Odasına çıktım. Kapıyı tıklattım. Bir iki derken açmadı. Bende dışarda meraktan ölmek yerine içeri daldım. Bir elimle gözlerimi kapattım. Uygunsuz bir halde olabilirdi. Herşeyi düşünmek lazım.
El yordamıyla yatağına kadar gittim. Onun olduğunu düşündüğüm bir yığını dürttüm ve "Hey uyanma vakti. Kalk artık." dedim. Bir mırıltı duydum ve dayanamayarak artık gözümü açtım.
"Off hadi ka- . Aman tan-rım ! Ne oldu burda böyle." gözlerim yerde yatan cesetle, yine yerde yarı baygın olan Colin arasında mekik dokuyordu.
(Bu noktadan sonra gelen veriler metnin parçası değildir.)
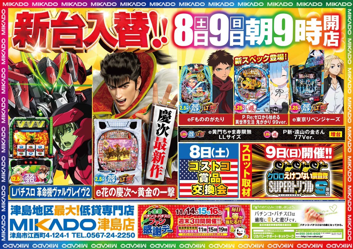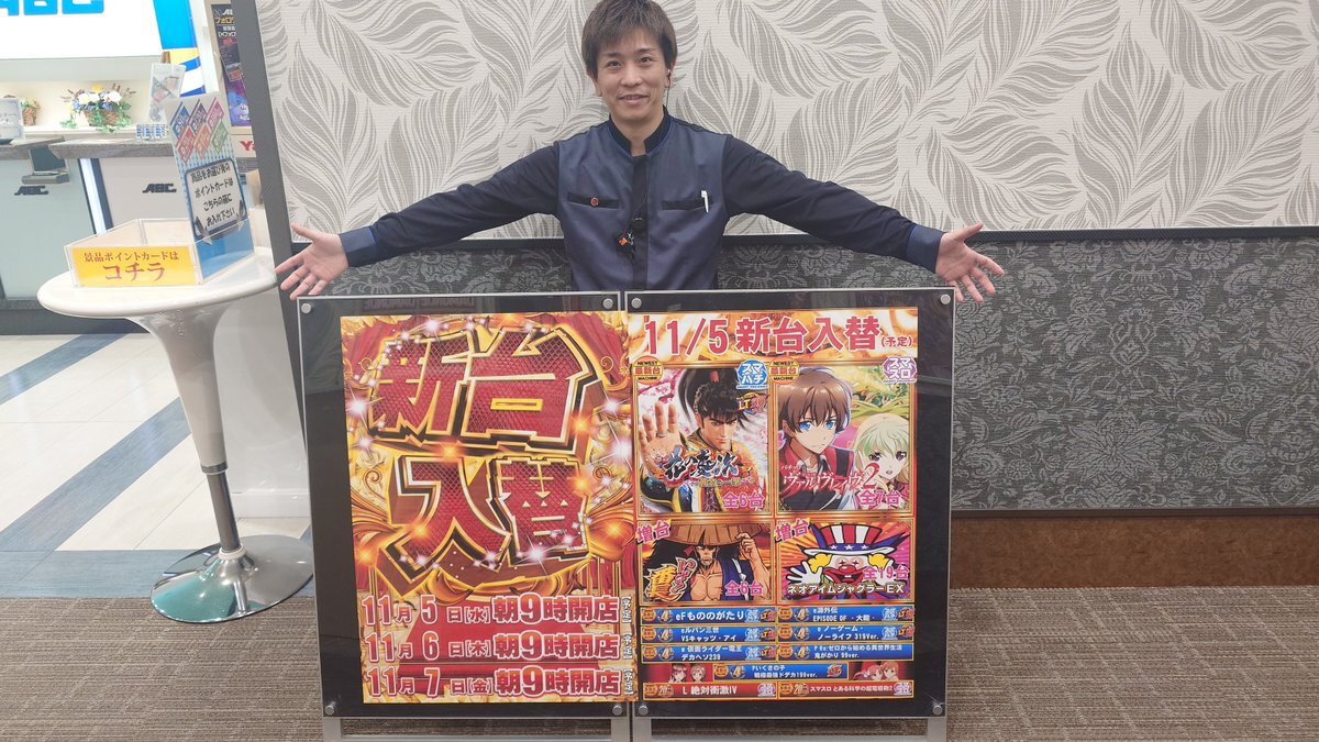 11月8日(土) ✨新台入替✨ 10:00開店(予定) 久しぶりに土曜日の #新台入替 となります😄 多くのお客様のご来店が予想されます。 お早目にご来店下さい🤩 #Lヴァルヴレイヴ2 #e花の慶次黄金の一撃 #Pリゼロ鬼がかり99 他計11機種13台導入予定 ⏩抽選時間 9:50~ #ダイナム #福津 pic.x.com/1vjq3UZ4RQ

"Ne oldu burda böyle " dedim şokumu sonra yaşamaya karar verip bir yandanda Colin i ayağa kaldırmaya çalıştım. "Neyle besliyorlar seni." Kolunun altına girdim ve dışarı kadar yarı sürüklüyerek yarı taşıyarak çıkardım. Dışarı çıkması gerekiyordu yoksa içerdeki cesetle aynı yerde ona bakmak zorunda kalacaktım. Onu benim odamdaki yatağa kadar taşıdım. Sonunda Colin i yatağa bıraktığımda hemen koşup biryerlerden malzeme aramaya başladım. Odamdaki banyoya girdim. Evet bir acil durum dolabı vardı. İçindede tüm gerekli olan şeyler ve bir kitapcık. Kitapçığı kutsal bir varlık gibi havaya kaldırdım sonrada göğsüme bastırdım. Ve dolaptaki bütün malzemeleri toplayarak tekrar yatağımın başına döndüm.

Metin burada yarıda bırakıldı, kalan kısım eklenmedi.